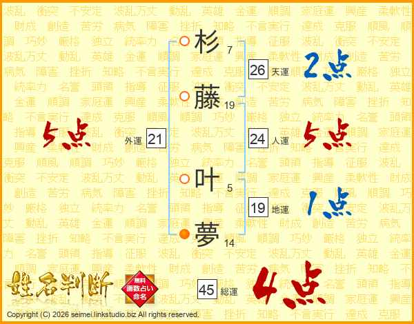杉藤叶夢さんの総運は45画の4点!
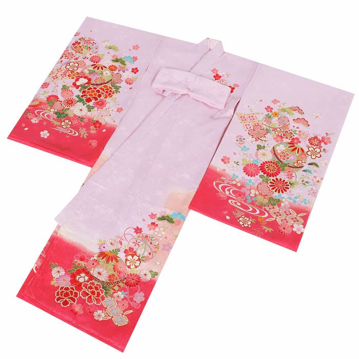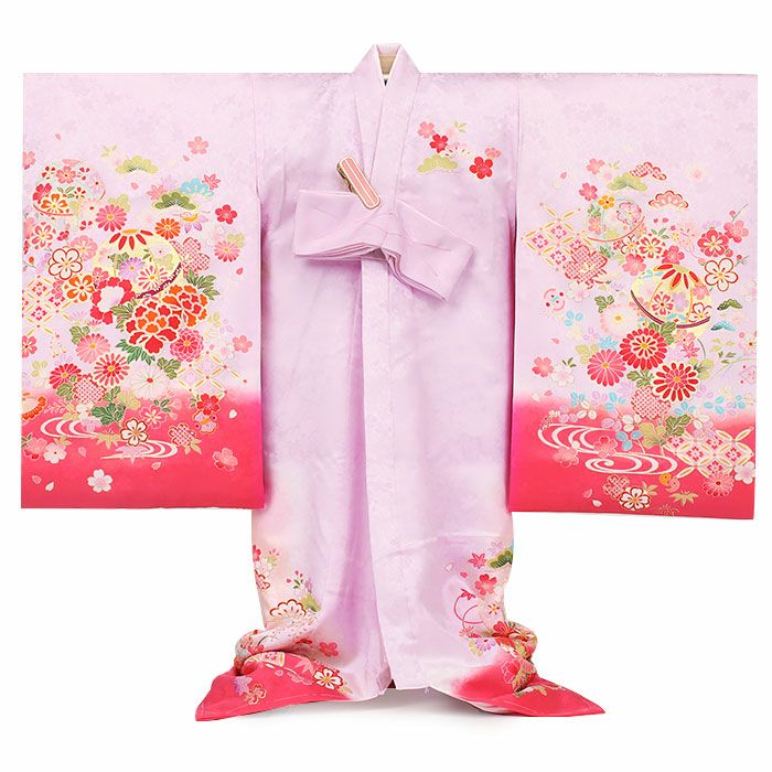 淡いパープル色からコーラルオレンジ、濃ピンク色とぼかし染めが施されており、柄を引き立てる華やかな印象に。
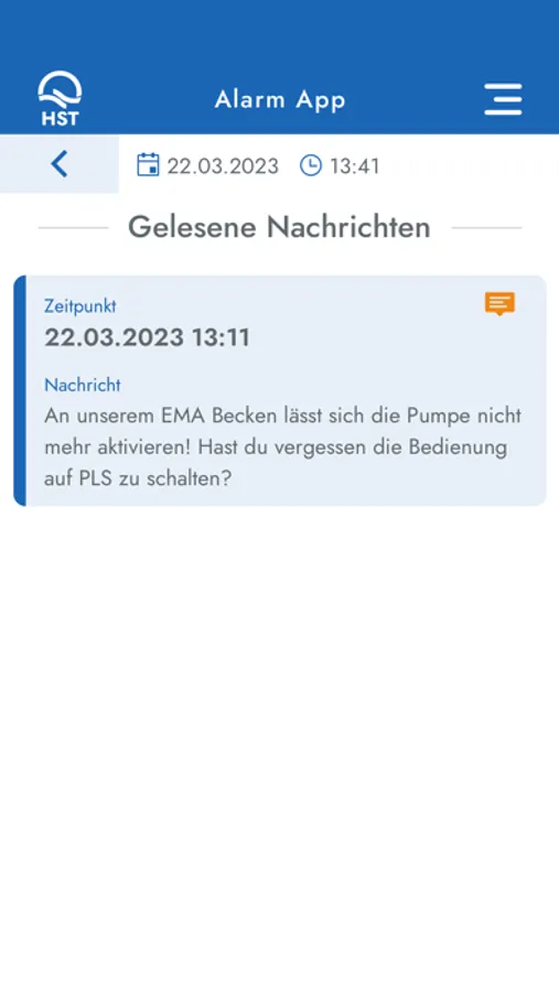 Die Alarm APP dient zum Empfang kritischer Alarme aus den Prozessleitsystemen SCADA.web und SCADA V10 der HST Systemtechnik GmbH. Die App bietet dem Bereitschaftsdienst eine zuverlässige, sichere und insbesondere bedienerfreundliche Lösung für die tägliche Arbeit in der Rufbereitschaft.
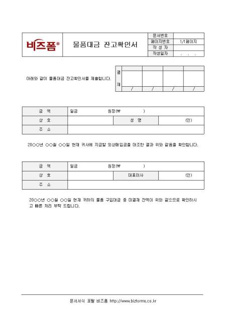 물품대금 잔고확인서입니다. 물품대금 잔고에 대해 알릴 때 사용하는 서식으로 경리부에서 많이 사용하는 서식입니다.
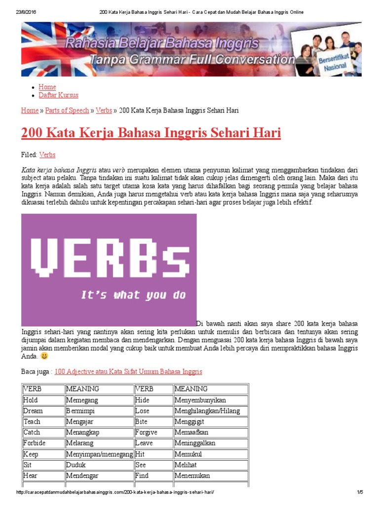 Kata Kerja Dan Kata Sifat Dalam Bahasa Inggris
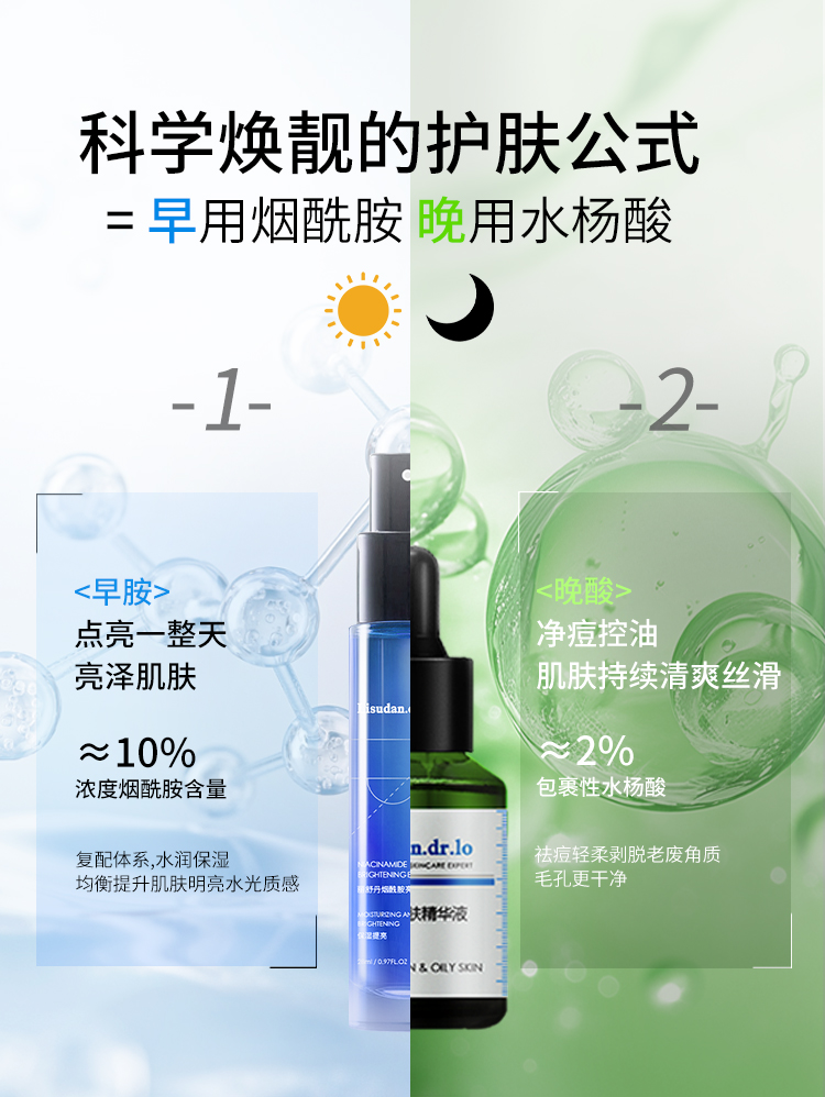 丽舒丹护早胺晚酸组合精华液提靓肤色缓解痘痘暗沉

++++

The copy should hold only the lines from the one with "Die Alarm APP" through the one with "Kata Kerja Dan", exactly as they stand above. Leave out the pictures.

 Die Alarm APP dient zum Empfang kritischer Alarme aus den Prozessleitsystemen SCADA.web und SCADA V10 der HST Systemtechnik GmbH. Die App bietet dem Bereitschaftsdienst eine zuverlässige, sichere und insbesondere bedienerfreundliche Lösung für die tägliche Arbeit in der Rufbereitschaft.
 물품대금 잔고확인서입니다. 물품대금 잔고에 대해 알릴 때 사용하는 서식으로 경리부에서 많이 사용하는 서식입니다.
 Kata Kerja Dan Kata Sifat Dalam Bahasa Inggris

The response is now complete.